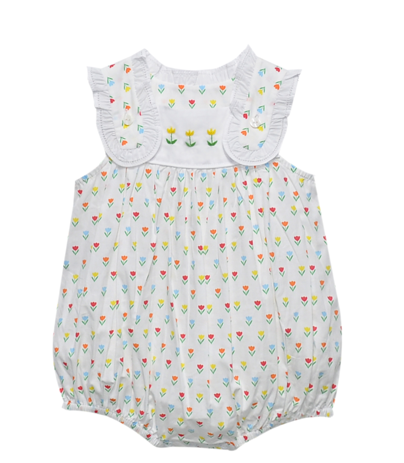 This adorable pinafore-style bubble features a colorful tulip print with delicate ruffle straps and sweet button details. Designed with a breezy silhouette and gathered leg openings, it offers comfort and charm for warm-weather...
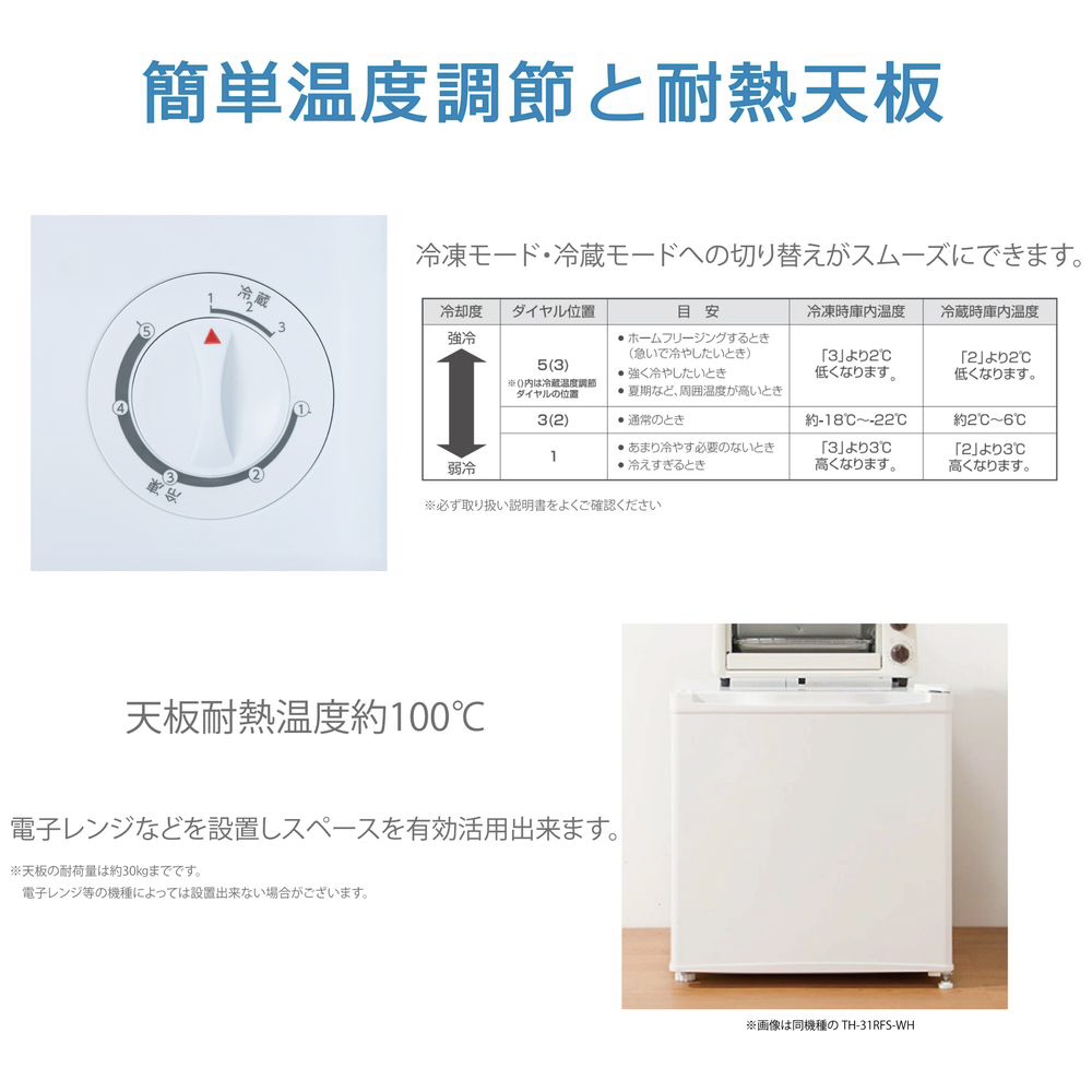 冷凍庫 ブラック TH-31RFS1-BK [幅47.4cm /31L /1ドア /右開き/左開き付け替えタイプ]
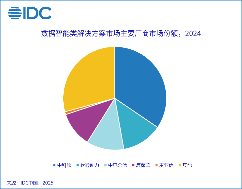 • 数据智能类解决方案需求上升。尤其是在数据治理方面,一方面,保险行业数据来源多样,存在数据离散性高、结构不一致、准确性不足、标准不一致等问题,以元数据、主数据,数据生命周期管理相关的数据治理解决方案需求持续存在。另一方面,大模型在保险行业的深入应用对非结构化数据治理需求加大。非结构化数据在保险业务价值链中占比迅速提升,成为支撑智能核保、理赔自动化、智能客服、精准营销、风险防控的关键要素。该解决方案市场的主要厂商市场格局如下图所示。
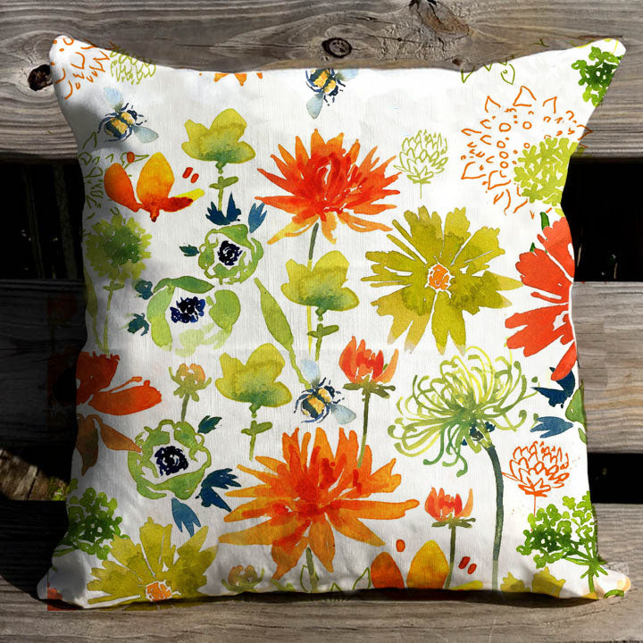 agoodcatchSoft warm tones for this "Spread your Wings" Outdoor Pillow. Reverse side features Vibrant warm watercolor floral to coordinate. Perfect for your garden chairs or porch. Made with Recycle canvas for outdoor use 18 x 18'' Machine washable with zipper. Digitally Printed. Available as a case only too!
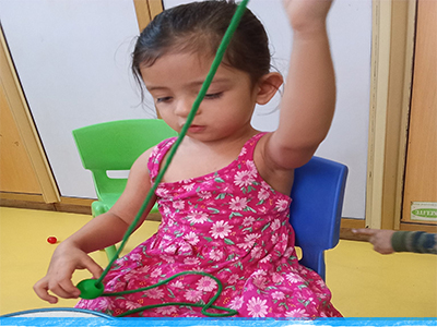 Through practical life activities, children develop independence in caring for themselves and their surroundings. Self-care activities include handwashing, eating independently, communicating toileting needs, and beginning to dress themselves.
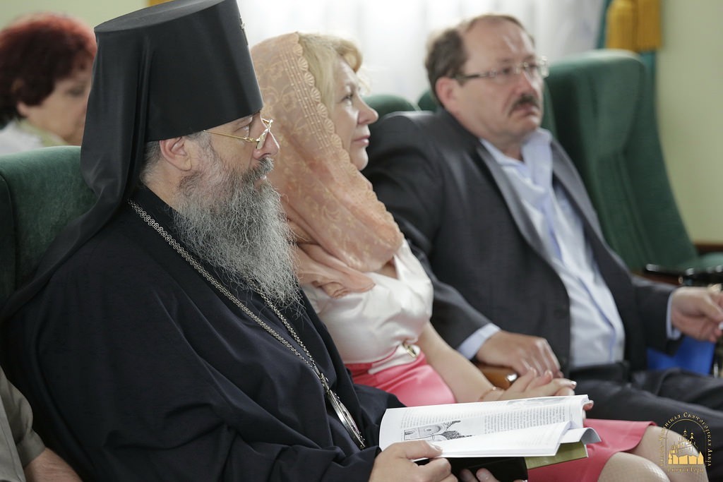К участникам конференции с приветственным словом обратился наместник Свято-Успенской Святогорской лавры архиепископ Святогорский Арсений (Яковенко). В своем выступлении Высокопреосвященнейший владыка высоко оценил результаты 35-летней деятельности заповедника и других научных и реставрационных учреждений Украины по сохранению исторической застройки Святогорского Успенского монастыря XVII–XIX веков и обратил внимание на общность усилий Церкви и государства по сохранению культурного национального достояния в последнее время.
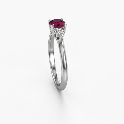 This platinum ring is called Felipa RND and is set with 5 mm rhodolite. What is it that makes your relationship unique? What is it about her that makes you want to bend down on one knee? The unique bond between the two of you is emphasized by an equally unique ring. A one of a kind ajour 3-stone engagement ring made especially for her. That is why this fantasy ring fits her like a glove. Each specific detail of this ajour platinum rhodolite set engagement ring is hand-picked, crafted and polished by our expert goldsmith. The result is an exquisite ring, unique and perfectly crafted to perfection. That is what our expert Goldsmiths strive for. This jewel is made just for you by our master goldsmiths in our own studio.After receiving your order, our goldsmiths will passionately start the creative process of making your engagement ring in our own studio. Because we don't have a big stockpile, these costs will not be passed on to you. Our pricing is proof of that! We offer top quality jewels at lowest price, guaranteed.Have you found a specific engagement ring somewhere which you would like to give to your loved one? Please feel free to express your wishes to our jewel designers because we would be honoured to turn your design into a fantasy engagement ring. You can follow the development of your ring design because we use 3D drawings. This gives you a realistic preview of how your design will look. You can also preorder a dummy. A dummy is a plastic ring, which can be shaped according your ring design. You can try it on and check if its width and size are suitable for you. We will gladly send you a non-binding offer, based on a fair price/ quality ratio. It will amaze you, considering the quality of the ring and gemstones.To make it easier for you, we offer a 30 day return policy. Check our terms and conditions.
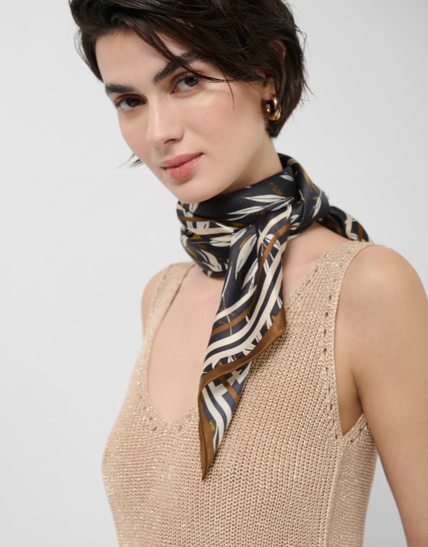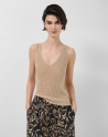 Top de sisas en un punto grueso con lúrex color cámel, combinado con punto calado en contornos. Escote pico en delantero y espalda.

=======

Goal of the exercise:
Aside from its pictures, the listing must be given again in full, exactly as it appears.

Answer section:
 This adorable pinafore-style bubble features a colorful tulip print with delicate ruffle straps and sweet button details. Designed with a breezy silhouette and gathered leg openings, it offers comfort and charm for warm-weather...
 冷凍庫 ブラック TH-31RFS1-BK [幅47.4cm /31L /1ドア /右開き/左開き付け替えタイプ]
 • 数据智能类解决方案需求上升。尤其是在数据治理方面,一方面,保险行业数据来源多样,存在数据离散性高、结构不一致、准确性不足、标准不一致等问题,以元数据、主数据,数据生命周期管理相关的数据治理解决方案需求持续存在。另一方面,大模型在保险行业的深入应用对非结构化数据治理需求加大。非结构化数据在保险业务价值链中占比迅速提升,成为支撑智能核保、理赔自动化、智能客服、精准营销、风险防控的关键要素。该解决方案市场的主要厂商市场格局如下图所示。
 agoodcatchSoft warm tones for this "Spread your Wings" Outdoor Pillow. Reverse side features Vibrant warm watercolor floral to coordinate. Perfect for your garden chairs or porch. Made with Recycle canvas for outdoor use 18 x 18'' Machine washable with zipper. Digitally Printed. Available as a case only too!
 Through practical life activities, children develop independence in caring for themselves and their surroundings. Self-care activities include handwashing, eating independently, communicating toileting needs, and beginning to dress themselves.
К участникам конференции с приветственным словом обратился наместник Свято-Успенской Святогорской лавры архиепископ Святогорский Арсений (Яковенко). В своем выступлении Высокопреосвященнейший владыка высоко оценил результаты 35-летней деятельности заповедника и других научных и реставрационных учреждений Украины по сохранению исторической застройки Святогорского Успенского монастыря XVII–XIX веков и обратил внимание на общность усилий Церкви и государства по сохранению культурного национального достояния в последнее время.
 This platinum ring is called Felipa RND and is set with 5 mm rhodolite. What is it that makes your relationship unique? What is it about her that makes you want to bend down on one knee? The unique bond between the two of you is emphasized by an equally unique ring. A one of a kind ajour 3-stone engagement ring made especially for her. That is why this fantasy ring fits her like a glove. Each specific detail of this ajour platinum rhodolite set engagement ring is hand-picked, crafted and polished by our expert goldsmith. The result is an exquisite ring, unique and perfectly crafted to perfection. That is what our expert Goldsmiths strive for. This jewel is made just for you by our master goldsmiths in our own studio.After receiving your order, our goldsmiths will passionately start the creative process of making your engagement ring in our own studio. Because we don't have a big stockpile, these costs will not be passed on to you. Our pricing is proof of that! We offer top quality jewels at lowest price, guaranteed.Have you found a specific engagement ring somewhere which you would like to give to your loved one? Please feel free to express your wishes to our jewel designers because we would be honoured to turn your design into a fantasy engagement ring. You can follow the development of your ring design because we use 3D drawings. This gives you a realistic preview of how your design will look. You can also preorder a dummy. A dummy is a plastic ring, which can be shaped according your ring design. You can try it on and check if its width and size are suitable for you. We will gladly send you a non-binding offer, based on a fair price/ quality ratio. It will amaze you, considering the quality of the ring and gemstones.To make it easier for you, we offer a 30 day return policy. Check our terms and conditions.
 Top de sisas en un punto grueso con lúrex color cámel, combinado con punto calado en contornos. Escote pico en delantero y espalda.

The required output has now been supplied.